WHAT IS BEING ASKED — Exclude images; transcribe the rest of the data exactly.

Items from a data source

——

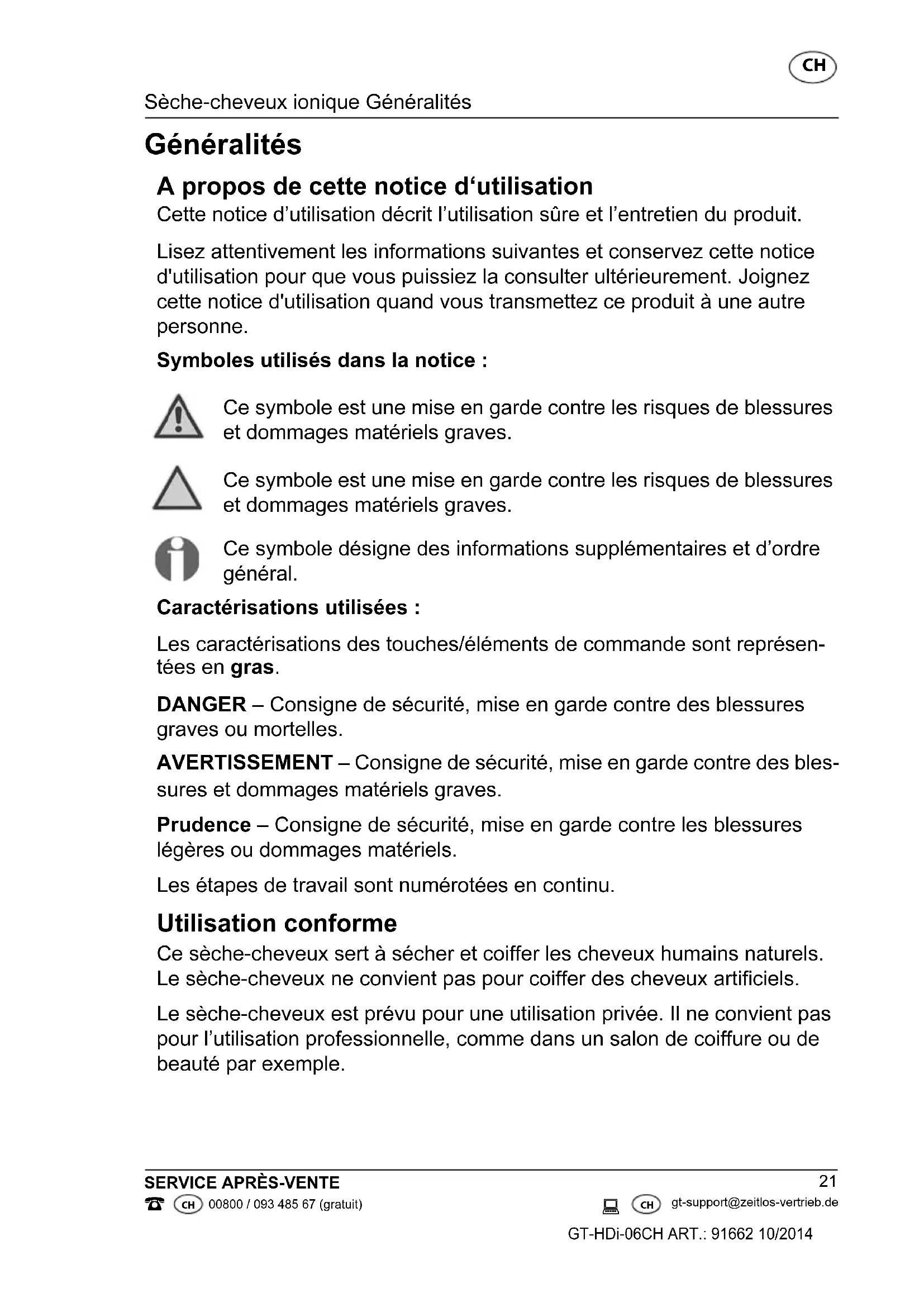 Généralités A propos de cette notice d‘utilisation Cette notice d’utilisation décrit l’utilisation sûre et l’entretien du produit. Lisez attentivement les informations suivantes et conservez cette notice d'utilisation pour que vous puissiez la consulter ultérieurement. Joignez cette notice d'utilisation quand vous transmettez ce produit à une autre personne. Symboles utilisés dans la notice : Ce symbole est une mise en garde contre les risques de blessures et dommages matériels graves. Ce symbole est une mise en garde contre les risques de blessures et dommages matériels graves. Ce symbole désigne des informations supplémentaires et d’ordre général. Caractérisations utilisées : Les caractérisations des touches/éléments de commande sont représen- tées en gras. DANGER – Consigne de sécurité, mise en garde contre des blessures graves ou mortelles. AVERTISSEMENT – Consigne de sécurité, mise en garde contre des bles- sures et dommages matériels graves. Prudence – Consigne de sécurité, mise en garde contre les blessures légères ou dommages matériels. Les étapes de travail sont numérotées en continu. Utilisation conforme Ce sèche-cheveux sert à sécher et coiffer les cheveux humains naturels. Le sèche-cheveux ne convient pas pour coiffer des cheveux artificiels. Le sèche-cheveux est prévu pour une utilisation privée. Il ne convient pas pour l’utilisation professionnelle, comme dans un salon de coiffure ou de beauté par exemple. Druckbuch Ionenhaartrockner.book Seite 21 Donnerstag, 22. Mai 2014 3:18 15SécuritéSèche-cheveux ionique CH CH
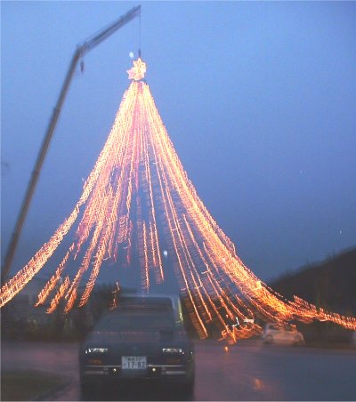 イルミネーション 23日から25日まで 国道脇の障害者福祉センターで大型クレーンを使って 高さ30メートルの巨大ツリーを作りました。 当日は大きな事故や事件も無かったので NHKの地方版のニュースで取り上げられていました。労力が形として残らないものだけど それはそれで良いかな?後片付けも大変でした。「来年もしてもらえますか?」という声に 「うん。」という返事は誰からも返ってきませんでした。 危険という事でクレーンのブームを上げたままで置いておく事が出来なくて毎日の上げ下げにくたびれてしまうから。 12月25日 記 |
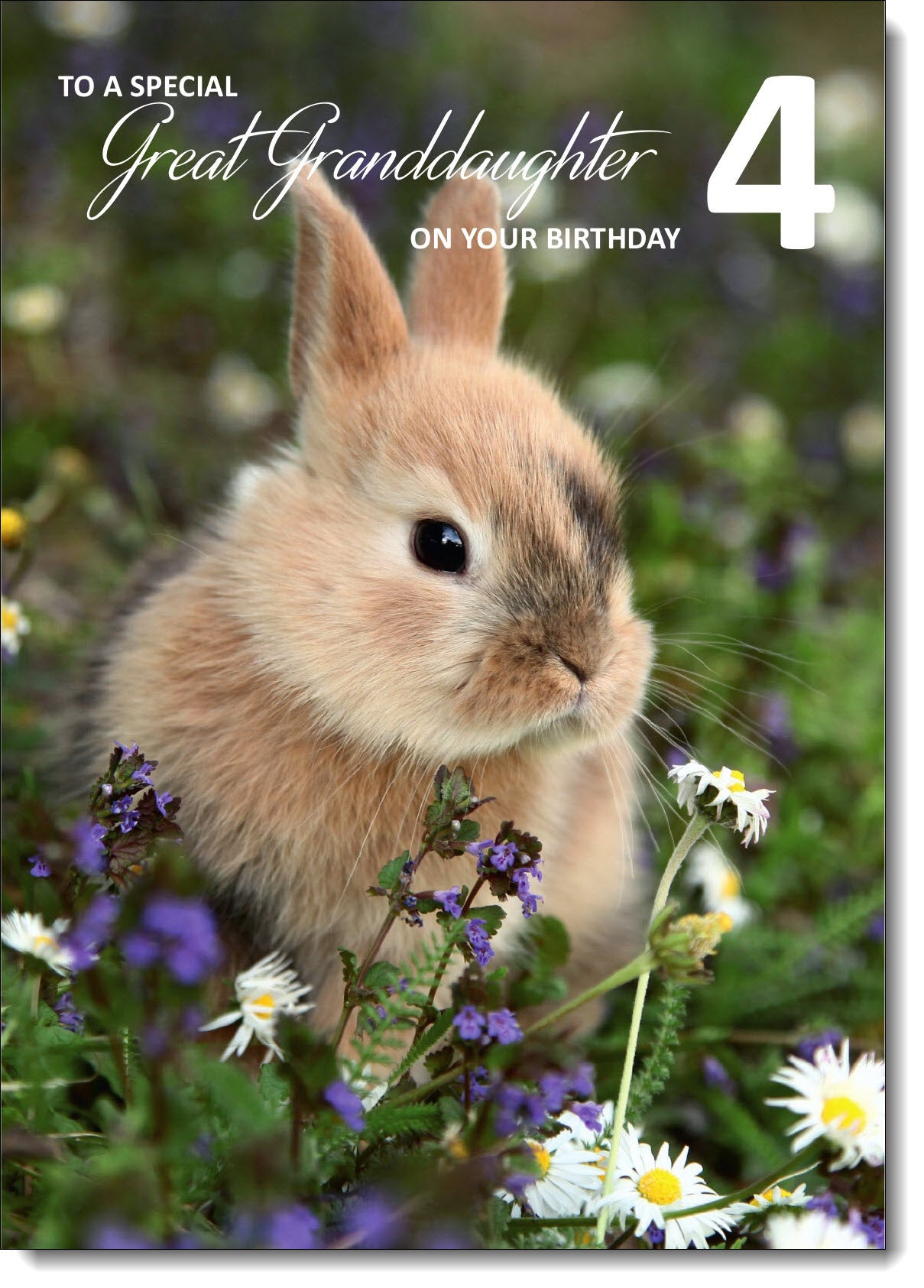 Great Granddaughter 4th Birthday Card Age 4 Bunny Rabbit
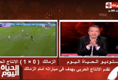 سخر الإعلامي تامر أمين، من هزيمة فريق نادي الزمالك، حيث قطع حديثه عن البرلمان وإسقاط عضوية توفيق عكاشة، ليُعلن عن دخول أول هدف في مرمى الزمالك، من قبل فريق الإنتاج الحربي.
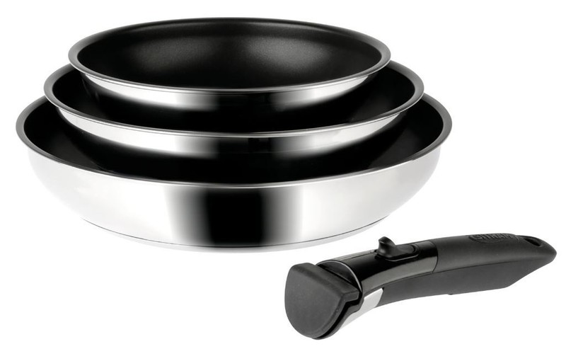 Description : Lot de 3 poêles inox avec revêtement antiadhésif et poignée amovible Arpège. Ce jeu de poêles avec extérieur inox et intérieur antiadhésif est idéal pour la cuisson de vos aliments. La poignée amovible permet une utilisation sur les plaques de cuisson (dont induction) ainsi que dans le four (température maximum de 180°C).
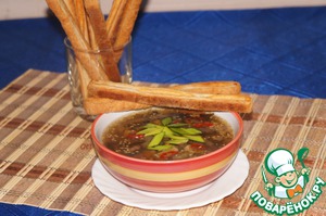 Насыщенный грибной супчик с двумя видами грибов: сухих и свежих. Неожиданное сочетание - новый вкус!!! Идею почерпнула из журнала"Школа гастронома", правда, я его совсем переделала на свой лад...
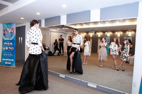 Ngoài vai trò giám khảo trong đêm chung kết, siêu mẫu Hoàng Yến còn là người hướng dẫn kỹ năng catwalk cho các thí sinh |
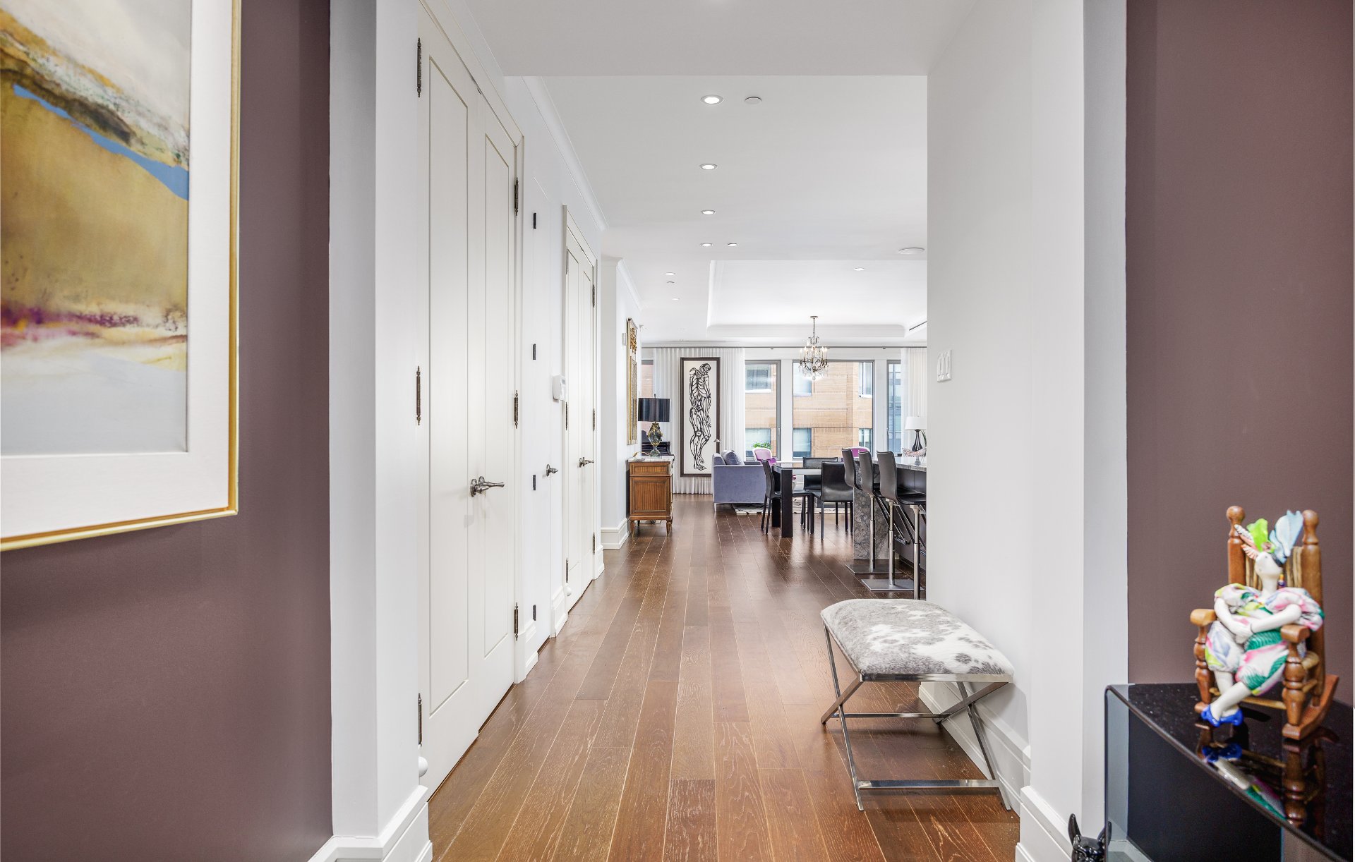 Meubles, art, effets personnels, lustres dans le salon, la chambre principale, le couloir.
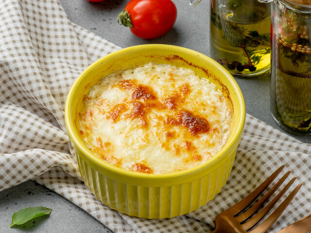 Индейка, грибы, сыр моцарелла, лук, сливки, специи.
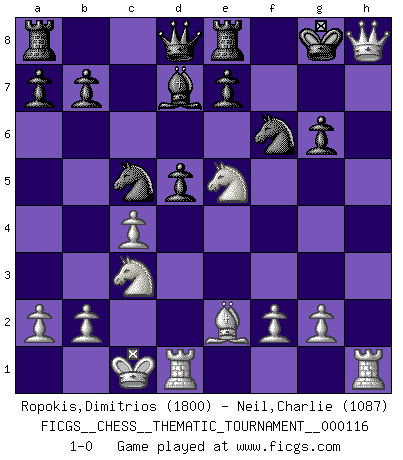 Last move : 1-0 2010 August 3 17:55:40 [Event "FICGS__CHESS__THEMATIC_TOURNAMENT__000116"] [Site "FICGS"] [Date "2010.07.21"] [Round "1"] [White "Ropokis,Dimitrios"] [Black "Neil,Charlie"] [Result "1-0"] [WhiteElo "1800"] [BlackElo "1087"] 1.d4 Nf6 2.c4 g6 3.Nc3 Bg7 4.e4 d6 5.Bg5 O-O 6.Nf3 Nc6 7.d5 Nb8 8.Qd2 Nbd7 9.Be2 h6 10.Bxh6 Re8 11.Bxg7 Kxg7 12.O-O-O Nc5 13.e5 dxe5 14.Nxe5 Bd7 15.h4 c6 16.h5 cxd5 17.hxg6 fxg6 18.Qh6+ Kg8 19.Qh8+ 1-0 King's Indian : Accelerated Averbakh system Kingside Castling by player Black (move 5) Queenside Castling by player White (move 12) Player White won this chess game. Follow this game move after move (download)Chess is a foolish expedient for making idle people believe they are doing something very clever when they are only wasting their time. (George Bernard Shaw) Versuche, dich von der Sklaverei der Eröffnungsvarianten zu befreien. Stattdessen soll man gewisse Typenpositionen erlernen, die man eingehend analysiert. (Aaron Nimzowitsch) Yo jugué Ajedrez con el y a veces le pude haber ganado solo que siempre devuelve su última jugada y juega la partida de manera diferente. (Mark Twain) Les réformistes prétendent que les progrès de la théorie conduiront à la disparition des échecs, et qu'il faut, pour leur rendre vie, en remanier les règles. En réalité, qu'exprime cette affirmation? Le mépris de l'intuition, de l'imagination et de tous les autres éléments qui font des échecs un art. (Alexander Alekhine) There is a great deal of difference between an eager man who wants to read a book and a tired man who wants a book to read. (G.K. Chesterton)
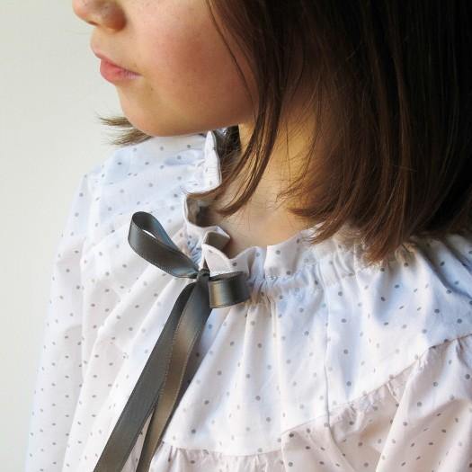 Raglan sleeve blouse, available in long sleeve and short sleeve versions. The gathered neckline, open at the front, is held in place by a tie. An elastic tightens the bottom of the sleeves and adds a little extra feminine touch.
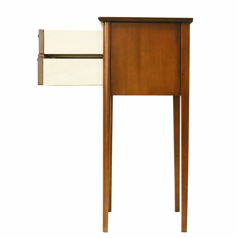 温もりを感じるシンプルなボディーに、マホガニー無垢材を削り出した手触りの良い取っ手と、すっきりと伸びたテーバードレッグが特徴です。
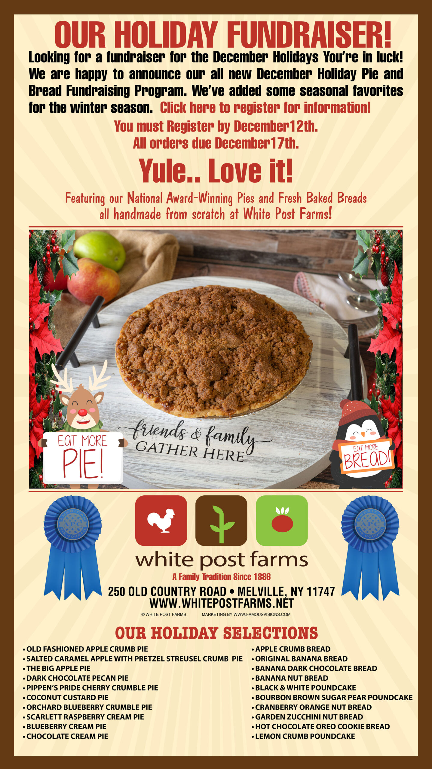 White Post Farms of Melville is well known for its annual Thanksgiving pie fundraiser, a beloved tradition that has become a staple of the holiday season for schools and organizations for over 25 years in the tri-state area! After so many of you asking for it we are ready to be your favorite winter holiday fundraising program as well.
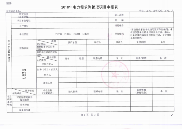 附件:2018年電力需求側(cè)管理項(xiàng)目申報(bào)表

——

REPLY —
 Généralités A propos de cette notice d‘utilisation Cette notice d’utilisation décrit l’utilisation sûre et l’entretien du produit. Lisez attentivement les informations suivantes et conservez cette notice d'utilisation pour que vous puissiez la consulter ultérieurement. Joignez cette notice d'utilisation quand vous transmettez ce produit à une autre personne. Symboles utilisés dans la notice : Ce symbole est une mise en garde contre les risques de blessures et dommages matériels graves. Ce symbole est une mise en garde contre les risques de blessures et dommages matériels graves. Ce symbole désigne des informations supplémentaires et d’ordre général. Caractérisations utilisées : Les caractérisations des touches/éléments de commande sont représen- tées en gras. DANGER – Consigne de sécurité, mise en garde contre des blessures graves ou mortelles. AVERTISSEMENT – Consigne de sécurité, mise en garde contre des bles- sures et dommages matériels graves. Prudence – Consigne de sécurité, mise en garde contre les blessures légères ou dommages matériels. Les étapes de travail sont numérotées en continu. Utilisation conforme Ce sèche-cheveux sert à sécher et coiffer les cheveux humains naturels. Le sèche-cheveux ne convient pas pour coiffer des cheveux artificiels. Le sèche-cheveux est prévu pour une utilisation privée. Il ne convient pas pour l’utilisation professionnelle, comme dans un salon de coiffure ou de beauté par exemple. Druckbuch Ionenhaartrockner.book Seite 21 Donnerstag, 22. Mai 2014 3:18 15SécuritéSèche-cheveux ionique CH CH
 イルミネーション 23日から25日まで 国道脇の障害者福祉センターで大型クレーンを使って 高さ30メートルの巨大ツリーを作りました。 当日は大きな事故や事件も無かったので NHKの地方版のニュースで取り上げられていました。労力が形として残らないものだけど それはそれで良いかな?後片付けも大変でした。「来年もしてもらえますか?」という声に 「うん。」という返事は誰からも返ってきませんでした。 危険という事でクレーンのブームを上げたままで置いておく事が出来なくて毎日の上げ下げにくたびれてしまうから。 12月25日 記 |
 Great Granddaughter 4th Birthday Card Age 4 Bunny Rabbit
 سخر الإعلامي تامر أمين، من هزيمة فريق نادي الزمالك، حيث قطع حديثه عن البرلمان وإسقاط عضوية توفيق عكاشة، ليُعلن عن دخول أول هدف في مرمى الزمالك، من قبل فريق الإنتاج الحربي.
 Description : Lot de 3 poêles inox avec revêtement antiadhésif et poignée amovible Arpège. Ce jeu de poêles avec extérieur inox et intérieur antiadhésif est idéal pour la cuisson de vos aliments. La poignée amovible permet une utilisation sur les plaques de cuisson (dont induction) ainsi que dans le four (température maximum de 180°C).
 Насыщенный грибной супчик с двумя видами грибов: сухих и свежих. Неожиданное сочетание - новый вкус!!! Идею почерпнула из журнала"Школа гастронома", правда, я его совсем переделала на свой лад...
 Ngoài vai trò giám khảo trong đêm chung kết, siêu mẫu Hoàng Yến còn là người hướng dẫn kỹ năng catwalk cho các thí sinh |
 Meubles, art, effets personnels, lustres dans le salon, la chambre principale, le couloir.
 Индейка, грибы, сыр моцарелла, лук, сливки, специи.
 Last move : 1-0 2010 August 3 17:55:40 [Event "FICGS__CHESS__THEMATIC_TOURNAMENT__000116"] [Site "FICGS"] [Date "2010.07.21"] [Round "1"] [White "Ropokis,Dimitrios"] [Black "Neil,Charlie"] [Result "1-0"] [WhiteElo "1800"] [BlackElo "1087"] 1.d4 Nf6 2.c4 g6 3.Nc3 Bg7 4.e4 d6 5.Bg5 O-O 6.Nf3 Nc6 7.d5 Nb8 8.Qd2 Nbd7 9.Be2 h6 10.Bxh6 Re8 11.Bxg7 Kxg7 12.O-O-O Nc5 13.e5 dxe5 14.Nxe5 Bd7 15.h4 c6 16.h5 cxd5 17.hxg6 fxg6 18.Qh6+ Kg8 19.Qh8+ 1-0 King's Indian : Accelerated Averbakh system Kingside Castling by player Black (move 5) Queenside Castling by player White (move 12) Player White won this chess game. Follow this game move after move (download)Chess is a foolish expedient for making idle people believe they are doing something very clever when they are only wasting their time. (George Bernard Shaw) Versuche, dich von der Sklaverei der Eröffnungsvarianten zu befreien. Stattdessen soll man gewisse Typenpositionen erlernen, die man eingehend analysiert. (Aaron Nimzowitsch) Yo jugué Ajedrez con el y a veces le pude haber ganado solo que siempre devuelve su última jugada y juega la partida de manera diferente. (Mark Twain) Les réformistes prétendent que les progrès de la théorie conduiront à la disparition des échecs, et qu'il faut, pour leur rendre vie, en remanier les règles. En réalité, qu'exprime cette affirmation? Le mépris de l'intuition, de l'imagination et de tous les autres éléments qui font des échecs un art. (Alexander Alekhine) There is a great deal of difference between an eager man who wants to read a book and a tired man who wants a book to read. (G.K. Chesterton)
 Raglan sleeve blouse, available in long sleeve and short sleeve versions. The gathered neckline, open at the front, is held in place by a tie. An elastic tightens the bottom of the sleeves and adds a little extra feminine touch.
 温もりを感じるシンプルなボディーに、マホガニー無垢材を削り出した手触りの良い取っ手と、すっきりと伸びたテーバードレッグが特徴です。
 White Post Farms of Melville is well known for its annual Thanksgiving pie fundraiser, a beloved tradition that has become a staple of the holiday season for schools and organizations for over 25 years in the tri-state area! After so many of you asking for it we are ready to be your favorite winter holiday fundraising program as well.
 附件:2018年電力需求側(cè)管理項(xiàng)目申報(bào)表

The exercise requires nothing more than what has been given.